*WHAT YOU WILL DO*
Beginning with the line that has "Charming 1960s cotton" and ending with the line that has "2021年8月20日上午,由", retype the entries below exactly, except for the pictures.

*EXTRACTED DATA*
============
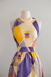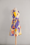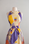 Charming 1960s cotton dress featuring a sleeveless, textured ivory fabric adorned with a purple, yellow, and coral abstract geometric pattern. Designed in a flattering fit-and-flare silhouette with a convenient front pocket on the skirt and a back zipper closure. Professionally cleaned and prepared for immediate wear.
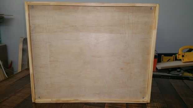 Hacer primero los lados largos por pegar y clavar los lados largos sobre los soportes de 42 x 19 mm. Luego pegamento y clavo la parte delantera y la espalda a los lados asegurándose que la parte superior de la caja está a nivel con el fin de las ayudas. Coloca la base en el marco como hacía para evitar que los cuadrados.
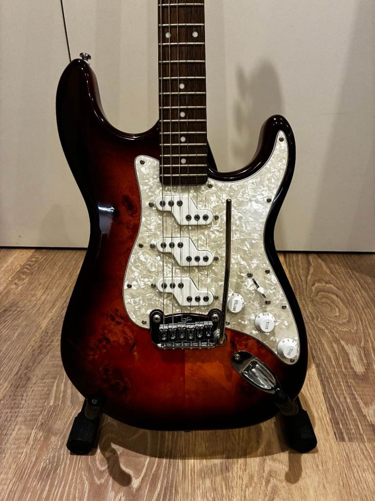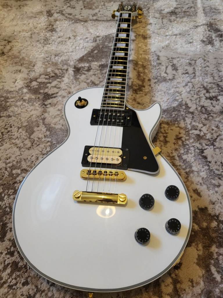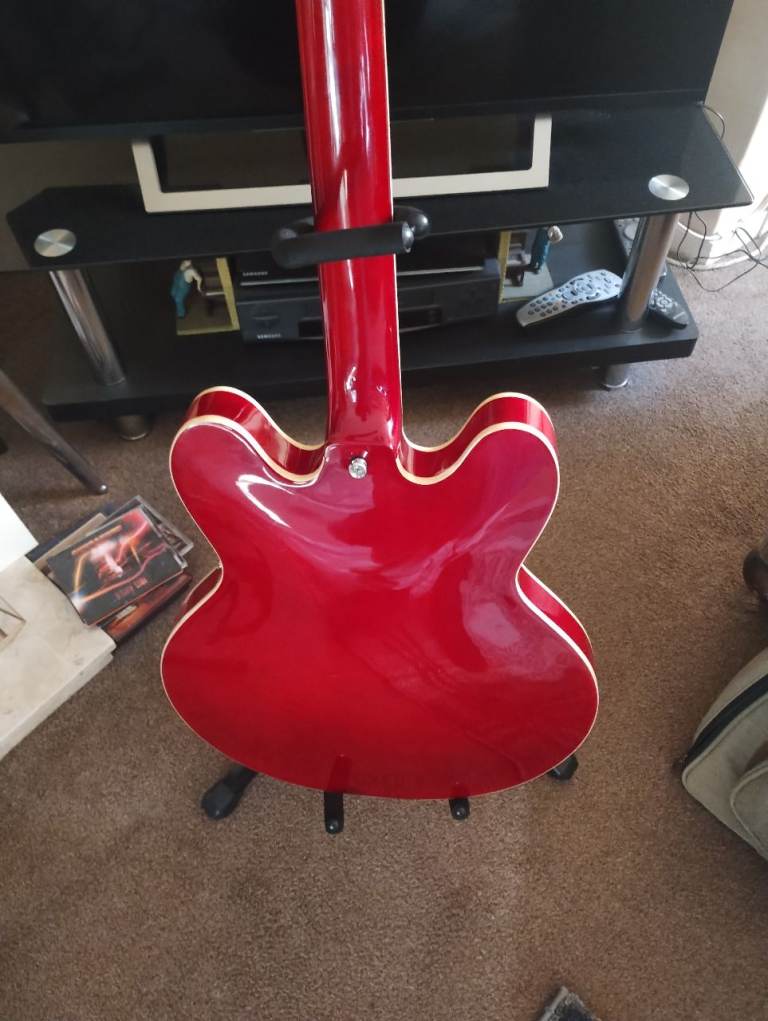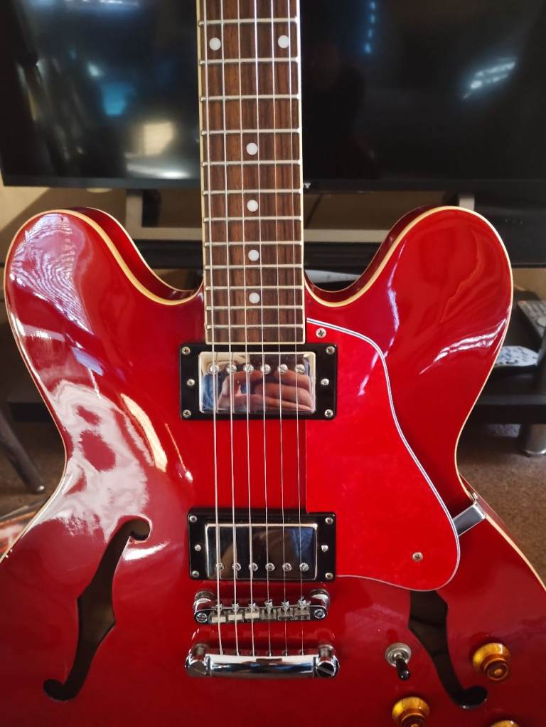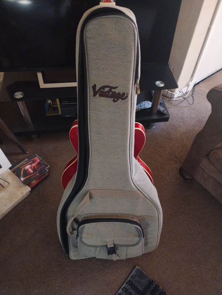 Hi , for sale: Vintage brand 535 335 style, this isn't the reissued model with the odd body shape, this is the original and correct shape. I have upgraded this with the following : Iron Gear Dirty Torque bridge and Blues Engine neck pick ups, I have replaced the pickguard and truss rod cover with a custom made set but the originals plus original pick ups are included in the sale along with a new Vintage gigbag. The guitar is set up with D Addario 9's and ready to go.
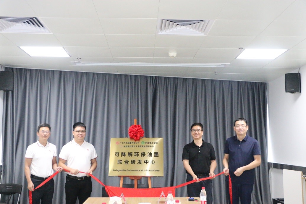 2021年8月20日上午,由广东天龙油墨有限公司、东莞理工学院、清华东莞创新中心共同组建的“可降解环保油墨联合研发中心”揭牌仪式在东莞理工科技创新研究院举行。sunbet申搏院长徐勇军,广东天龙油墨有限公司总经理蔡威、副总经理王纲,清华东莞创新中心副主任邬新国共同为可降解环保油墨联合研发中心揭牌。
============
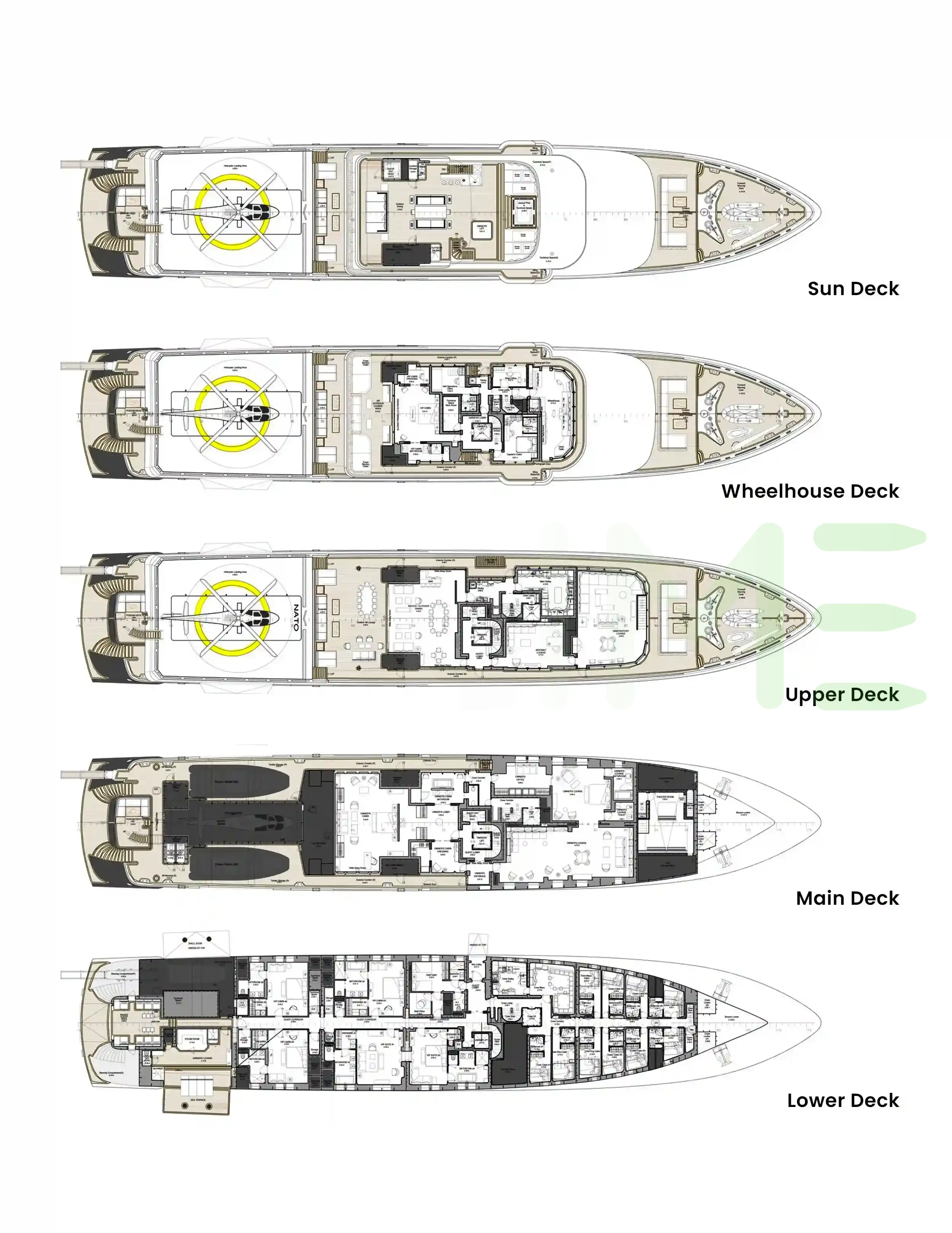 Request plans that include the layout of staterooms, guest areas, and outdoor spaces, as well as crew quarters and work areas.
============
*TASK ANSWER*
 Charming 1960s cotton dress featuring a sleeveless, textured ivory fabric adorned with a purple, yellow, and coral abstract geometric pattern. Designed in a flattering fit-and-flare silhouette with a convenient front pocket on the skirt and a back zipper closure. Professionally cleaned and prepared for immediate wear.
 Hacer primero los lados largos por pegar y clavar los lados largos sobre los soportes de 42 x 19 mm. Luego pegamento y clavo la parte delantera y la espalda a los lados asegurándose que la parte superior de la caja está a nivel con el fin de las ayudas. Coloca la base en el marco como hacía para evitar que los cuadrados.
 Hi , for sale: Vintage brand 535 335 style, this isn't the reissued model with the odd body shape, this is the original and correct shape. I have upgraded this with the following : Iron Gear Dirty Torque bridge and Blues Engine neck pick ups, I have replaced the pickguard and truss rod cover with a custom made set but the originals plus original pick ups are included in the sale along with a new Vintage gigbag. The guitar is set up with D Addario 9's and ready to go.
 2021年8月20日上午,由广东天龙油墨有限公司、东莞理工学院、清华东莞创新中心共同组建的“可降解环保油墨联合研发中心”揭牌仪式在东莞理工科技创新研究院举行。sunbet申搏院长徐勇军,广东天龙油墨有限公司总经理蔡威、副总经理王纲,清华东莞创新中心副主任邬新国共同为可降解环保油墨联合研发中心揭牌。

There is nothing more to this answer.